Gibbons use similar vocal techniques to human opera singers to ensure their calls are heard throughout the forest. Credit: Minden Pictures/Getty

Apes are unlikely to become virtuosos at the opera house, but gibbons have naturally mastered some of the vocal techniques that human sopranos rely on, scientists in Japan report.

Gibbons have a distinctive and tuneful call that can penetrate two kilometres through their dense forest habitats. Takeshi Nishimura at Kyoto University's Primate Research Institute in Inuyama and his colleagues used an unlikely setting to investigate the vocalizations the creatures use to do so — they put a white-handed gibbon (Hylobates lar) in a large box containing 50% helium gas.

The research, published today in the American Journal of Physical Anthropology1, shows that, like humans, gibbons use a ‘source–filter’ mode of sound generation. The sound originates from the creatures' vocal folds as a mixture of different harmonics, which are multiples of the frequency at which the vocal folds vibrate. The resonant frequencies of the vocal tract then determine which of these harmonics are projected. By altering the position of the mouth, lips and teeth, humans vary these resonant frequencies to make the different sounds required for speech.

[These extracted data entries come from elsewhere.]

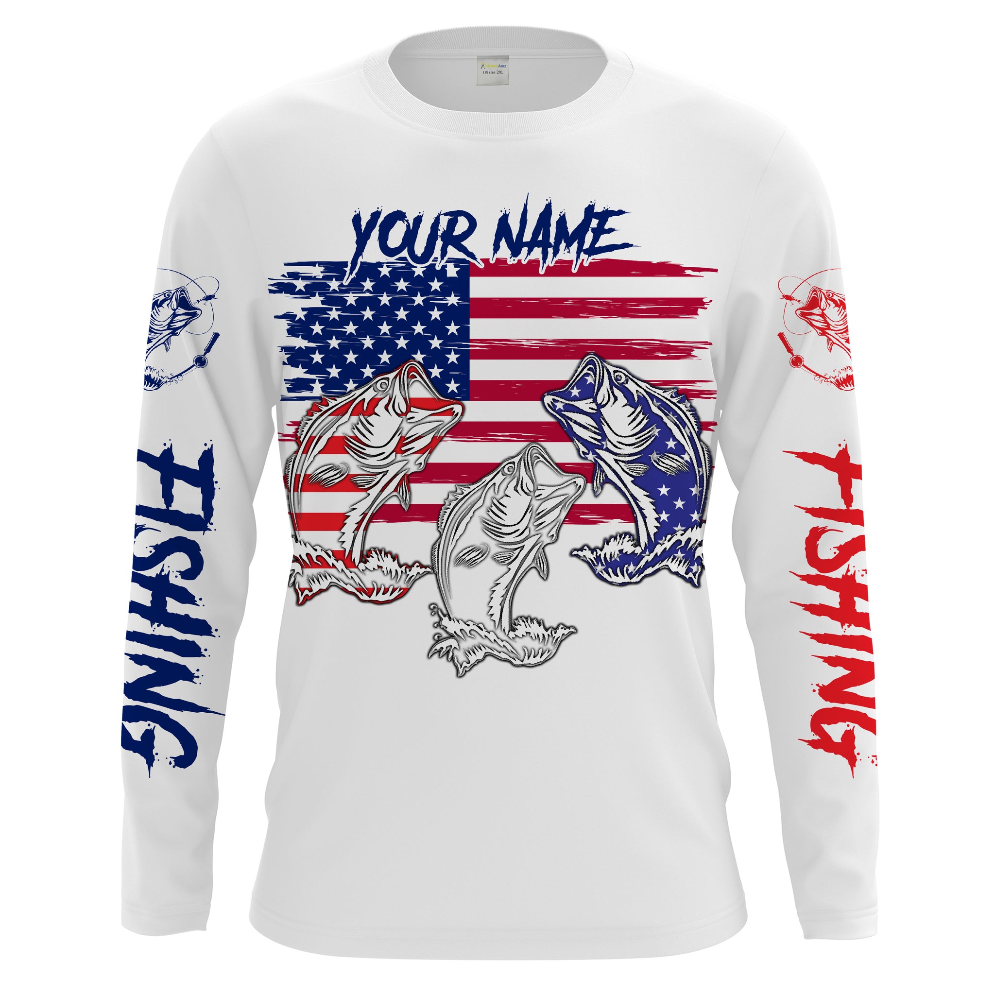 Bass Fishing American flag 4th of July 3D Custom name UV Protection Shirt For Men, Women and Kid Patriotic fishing gift FSD2083
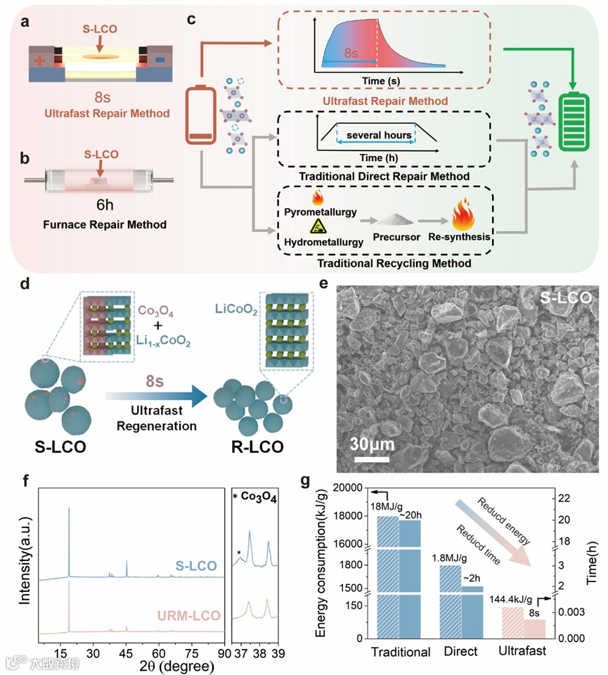 图1. (a) 超快修复过程和 (b) 熔炉修复方法的示意图;(c) 再生过程示意图;(d) S-LCO修复过程示意图;(e) S-LCO的SEM图;(f) S-LCO 和 URM-LCO 的 XRD 图;(g) 不同再生过程的能耗和运行时间。
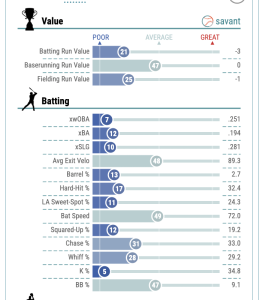 But before you say “recession is coming”, there are some not-so-good signs where a full energy recovery is going. He only has 4.8% PulledAir. Yes, that would be a small sampling of the quirk, but those barrels go in the opposite direction so far, and it’s tough to homer that way. Also, his LA is down to 7.0, so it’s hard contact on the ground. That should help Avg. his, and when he looks unlucky as he has a .253 Avg vs. .286 x BA. He steals 6 times, so he’s on his way to 30 if he stays healthy.
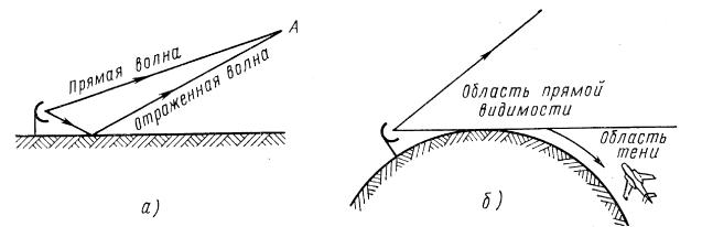 1)отражением радиоволн от поверхности Земли (рисунок 2.7, а) и связанным с ним явлением интерференции радиоволн;
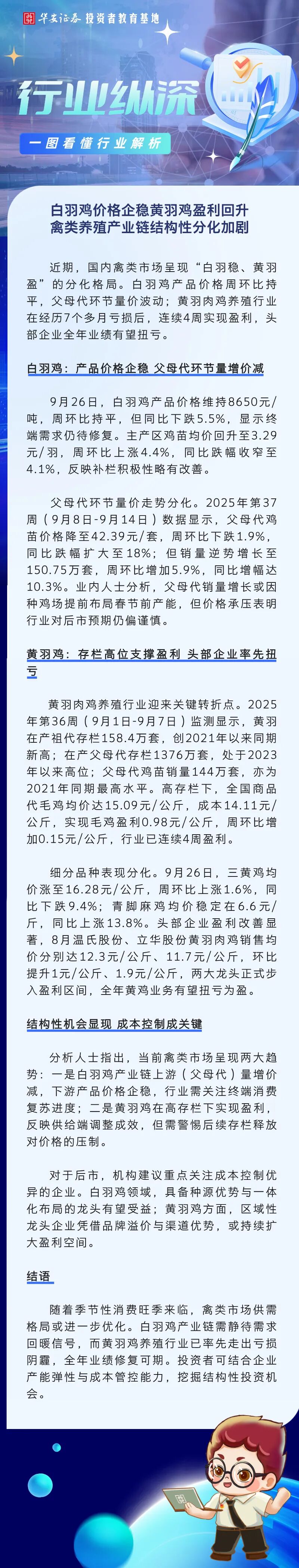 行业纵深 | 白羽鸡价格企稳黄羽鸡盈利回升 禽类养殖产业链结构性分化加剧
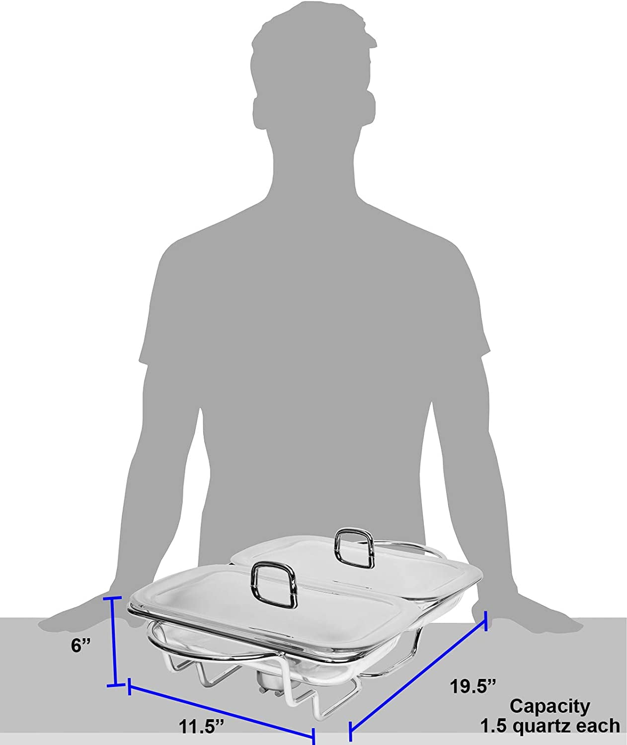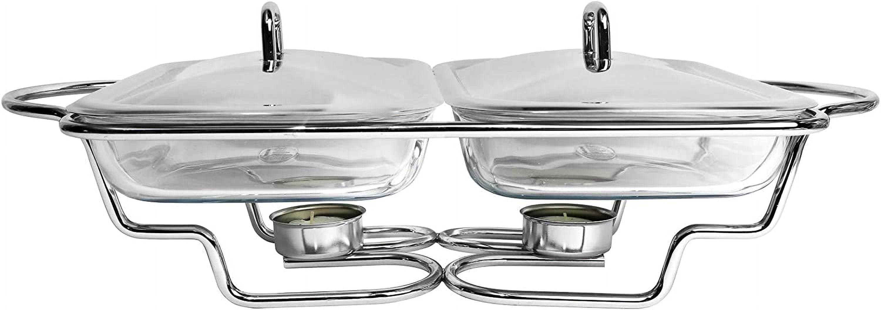 Microwave and oven heat-resistant European made 2 glass dishes – Oven safe to 500 degrees Fahrenheit. Stainless Steel lids, Chrome-Plated frame. Keeps food warm with tea light candles (2 tea light included). 2 x 1.5 quart glass dishes (dishwasher safe). Dimensions: 20″ L x 12″ W x 5″ H. Glass tray dimensions: 12″ L x 7″ W x 2″ H.
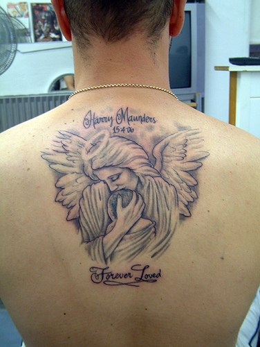 praying guardian angel tattoo black and shade by dublin ireland tattoo
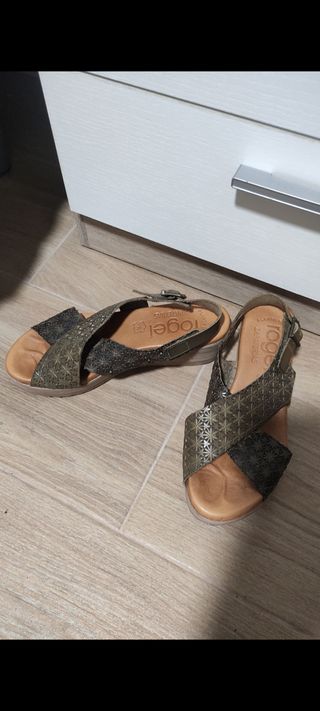 Sandalias de cuña de la marca MARYPAZ, en color mostaza y talla 41. Son de ante, con cierre de cremallera y hebilla. Ideales para verano. Están nuevas. Un solo uso. - Suela de cuña. - Hebilla ajustable. - Cierre con cremallera.
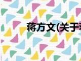 大家好,今天小方来说说一篇关于蒋文中,关于蒋文中部分内容简述的文章,那么现在就为大家来简单介绍下,希望对各位小伙伴们有所帮助。 1、 浏览全文>>
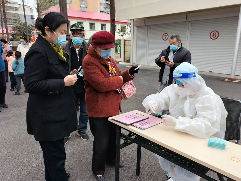 因閘口社區(qū)志愿者數(shù)量不夠,金萍為減輕社區(qū)抗疫壓力,主動聯(lián)系社區(qū),肩負(fù)起兩個核酸檢測點(diǎn)關(guān)鍵崗位的服務(wù)工作。她每天往返于兩個檢測點(diǎn),用自己的手機(jī)下載“采集”APP,核檢人員身份信息錄入、分擔(dān)人流壓力、維持秩序、檢查兩碼以及掃樓排查核檢情況等工作。當(dāng)環(huán)城路車務(wù)段檢測點(diǎn)居民檢測完畢后,金萍根本來不及吃飯,立即飛奔到西站貨場為鐵路隔離職工進(jìn)行上門服務(wù)。她每天不厭其煩地安撫群眾急躁情緒,耐心答疑解惑,一遍又一遍地仔細(xì)核對錄入信息,認(rèn)真細(xì)致的態(tài)度和吃苦耐勞的精神感染了整個社區(qū)服務(wù)隊。
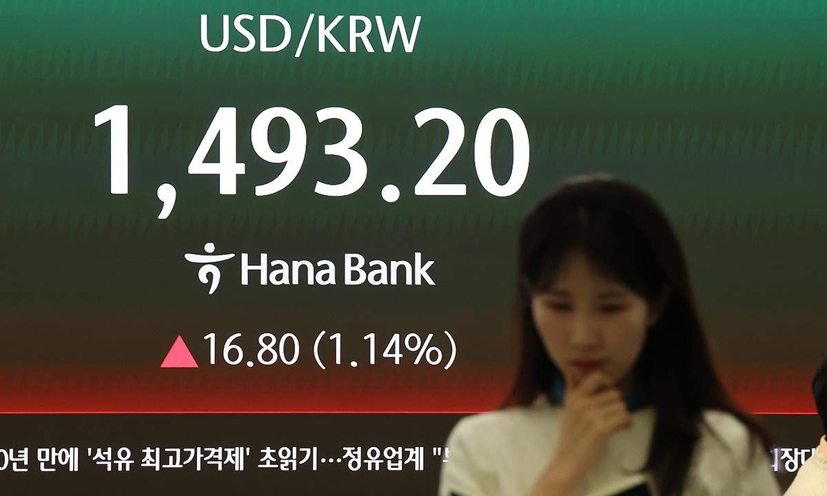 이날 서울 외환시장에서 미국 달러화 대비 원화 환율의 주간 거래 종가(오후 3시30분 기준)는 전 거래일보다 19.1원 오른 1495.5원으로 집계됐다. 이는 글로벌 금융위기 때인 지난 2009년 3월 12일(종가 1496.5원) 이후 최고가다.
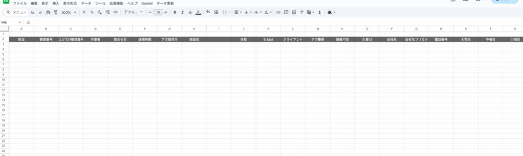 | 例) 1.スプレッドシートのフィルタ解除 2.データシート内のクリーニング ①改行削除 ②メールアドレスクリーニング ③メールアドレス生成 ④法人格削除データの生成 ⑤会社重複チェック ⑥削除リストチェック 3.CSV用シートの新規作成 4.スプレッドシートのフィルタをもとに戻す |
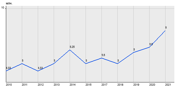 4.33 млн. руб, а в 2021 году - 8 млн. руб. Таким образом, средняя стоимость однокомнатных квартир в районе "" за
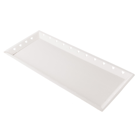 A fehér színű, finom szív alakú kivágásokkal ellátott, fából készült tálca minden otthonban megtalálja a helyét, köszönhetően a sokféle felhasználási lehetőségének. A fából készült tálca tökéletesen alkalmas rágcsálnivalók vagy italok tálalására. Minden családi vagy baráti összejövetelhez tartozik egy praktikus kiegészítő a tálca formájában, amely megvédi az asztal felületét az esetleges szennyeződésektől. A tálca tökéletesen használhat
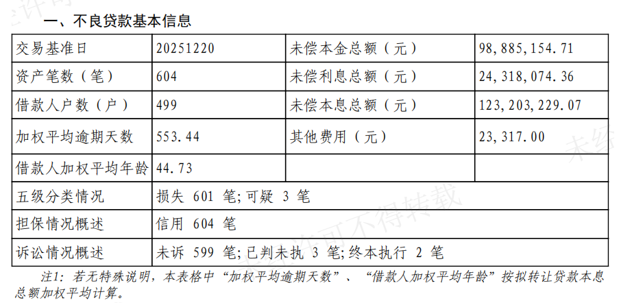 2026年2月,南京银行挂牌转让“2026年第1期个人不良贷款”资产包,涉及604笔不良贷款、未偿本息总额1.23亿元。其中,加权平均逾期天数高达553天,损失类贷款占比超过99%。
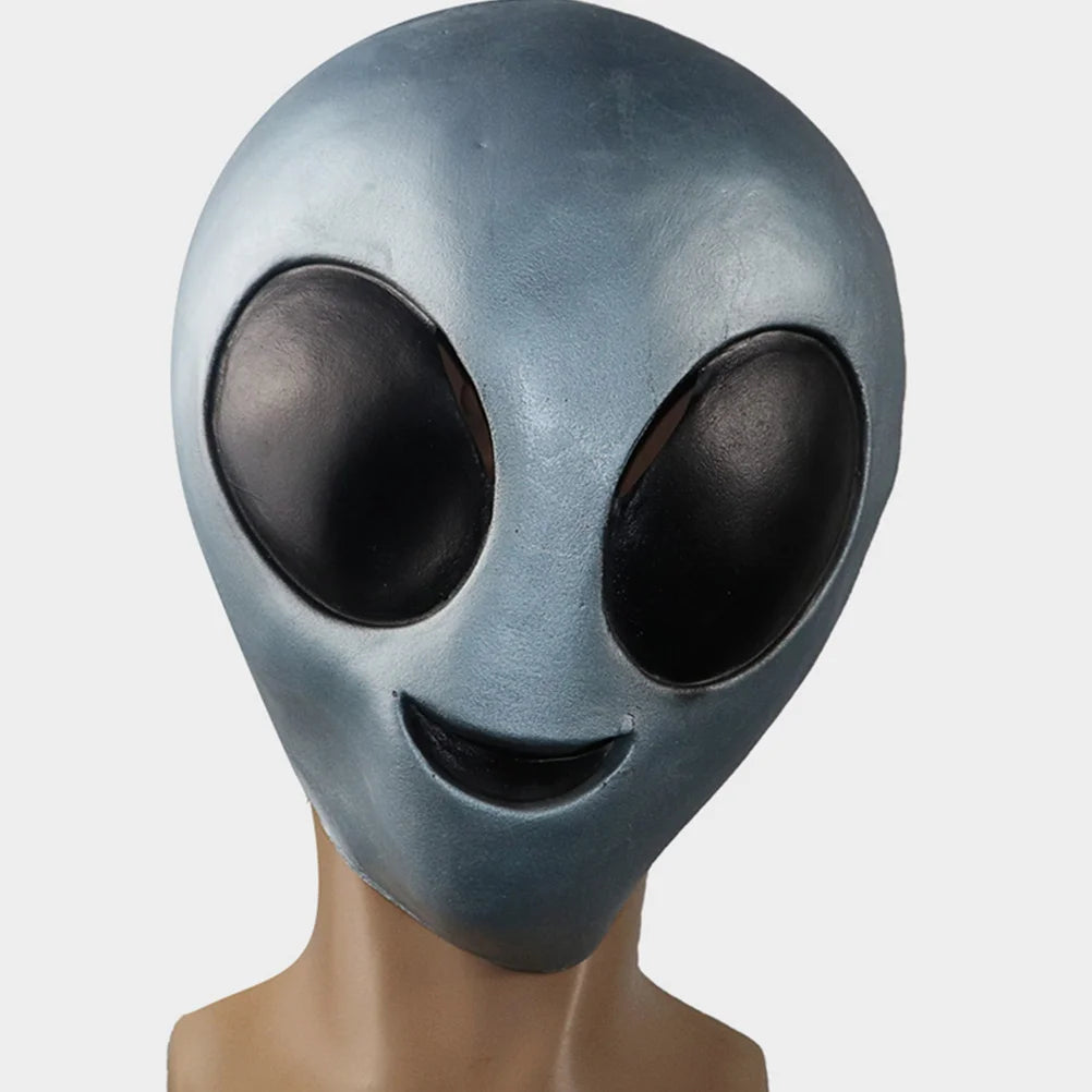 Sorprende a todos en tu próxima fiesta con la Máscara Alienígena Sonriente, un diseño único inspirado en seres de otro mundo. Con sus enormes ojos negros y su característica sonrisa inquietante, es el accesorio perfecto para destacar en Halloween, carnavales, eventos temáticos o cosplay de ciencia ficción.
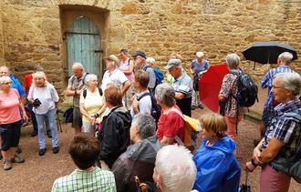 Eine Tour in der Rheinhessischen Schweiz stand am Donnerstag, dem 01. August auf dem Plan des Hohensteiner Wanderkreises. Je nach Wohnort war der Start bei Siefersheim in knapp oder gut 60 Minuten erreichbar. Damit sich die Anfahrt auch lohnt, hatten Gunhild und Werner eine Vormittags- und eine Nachmittagstour akribisch ausgetüftelt. Die Wetterfrösche änderten ständig ihre Prognosen, was die Vorbereitung für alle zusätzlich erschwerte. Zur Freude der heutigen Ausrichter der Tagestour konnten 31 Wanderwillige bei bedecktem Himmel und angenehmen Temperaturen auf dem Parkplatz am Rande Siefersheims begrüßt werden. Sich darin einig, dass es zum Wandern keiner besonderen Sonnenbestrahlung bedürfe, lief die Gruppe frohen Mutes in Richtung Eckelsheim. Pferde grasten auf einer Weide und Rehe sprangen in hohen Fluchten über einen gelb leuchtenden abgeernteten Getreideacker; ob sie wohl von einem der Rübenäcker mit fett glänzenden Blättern kamen? Sonnenblumen drehten ihre Blütenteller zum für die Wanderer nicht sichtbaren Zentralgestirn; dazwischen leuchteten purpurfarben die Blüten der Sommermalven und am Weg begleiteten uns die blauen Blüten der Wegwarte, deren Wurzeln einst als Kaffee-Ersatz herhalten mussten. So idyllisch hätte es weitergehen sollen auf der etwas abgewandelten „Hiwwelstour“, das war Gunhilds und Werners Plan.
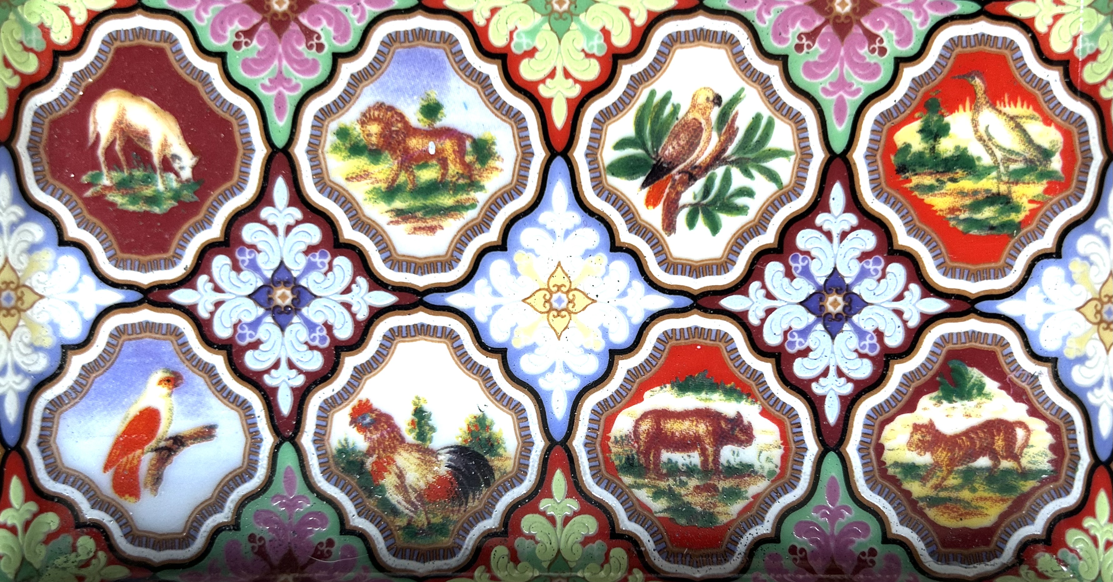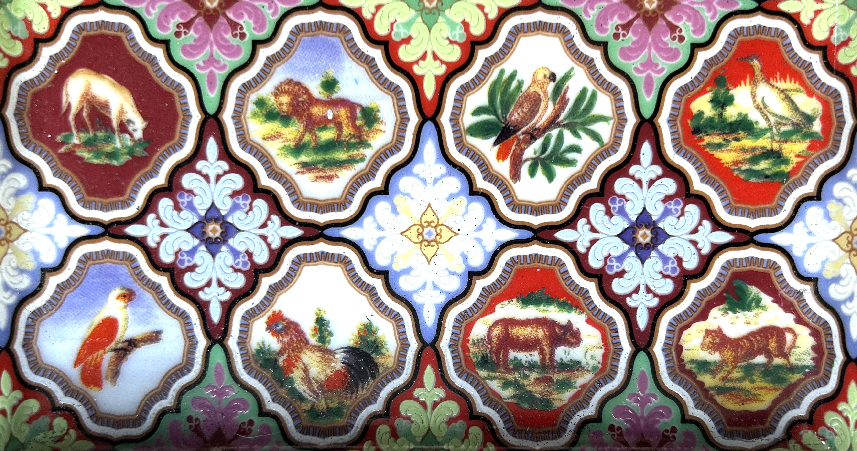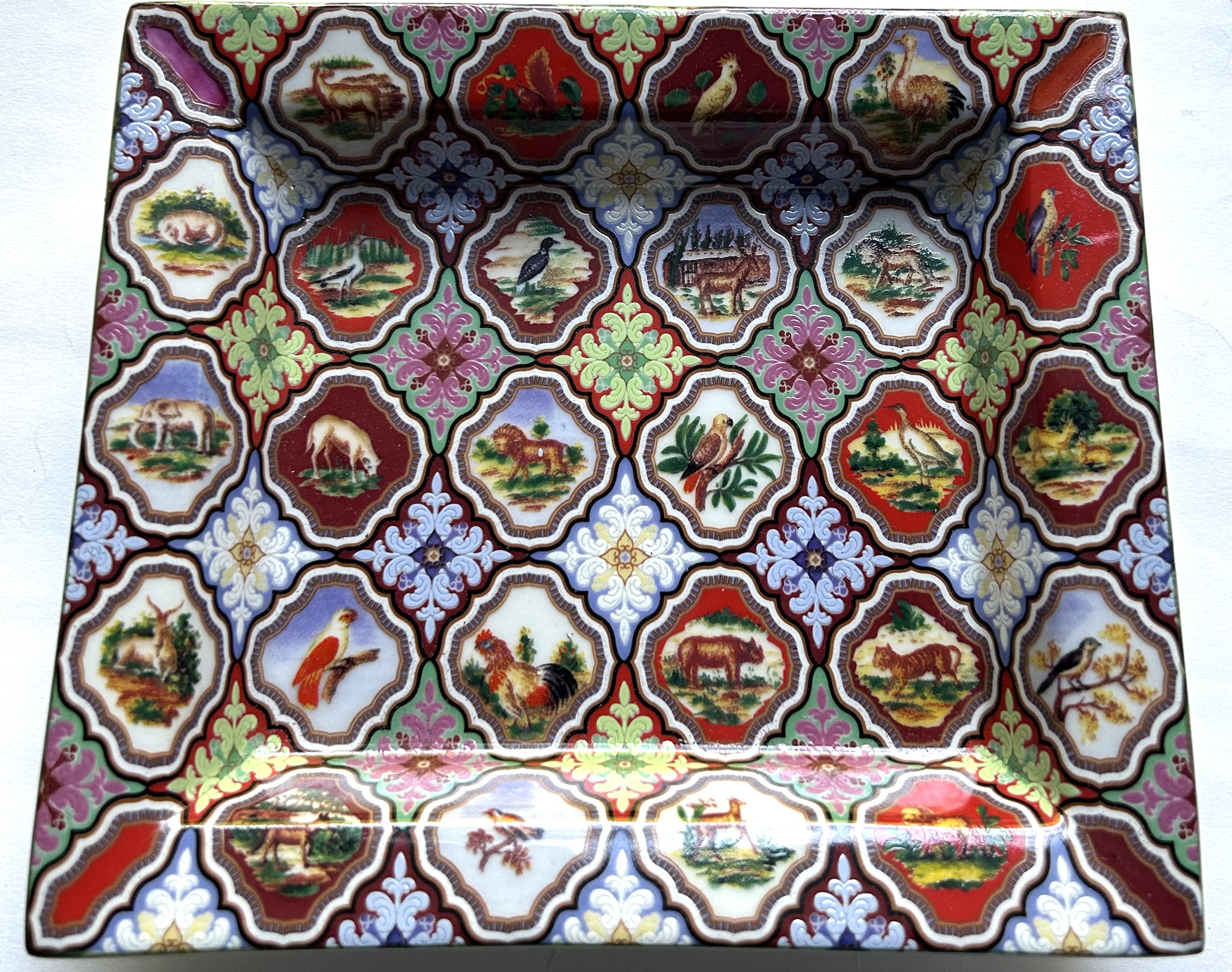 Enameled Porcelain Animals & Birds Tray

By recording the gibbon in a helium-rich atmosphere, the scientists were able to separate the different contributions that the vocal folds and vocal tract made to its calls. Helium doesn’t alter how the vocal folds vibrate but does shift the vocal tract’s resonant frequencies, which is why it makes human voices sound like Donald Duck.

The gibbon’s melodious calling bears many similarities to the techniques of human singers. Like professional sopranos2,3, gibbons tune the resonant frequency of their vocal tract to the pitch frequency generated by the vocal folds to amplify the sound. Acoustic physicist Joe Wolfe of the University of New South Wales in Sydney, Australia, says that this type of “resonance tuning” is something that comes fairly easily to human singers and is key to their ability to project their voice over a loud orchestra.

Cognitive biologist Tecumseh Fitch at the University of Vienna is amazed that such an experiment has been done with something as large as a gibbon. “One thing that’s audacious is that they even did this!” he says. He believes that this work demonstrates that “science is converging on a model for how all animals make sounds”.

The finding supports the view that human speech depends less on unique modifications to the anatomy and physiology of the vocal apparatus than was once thought, suggests Nishimura. It seems that humans are not all that special in the way we make sounds — only in the way we arrange them into language.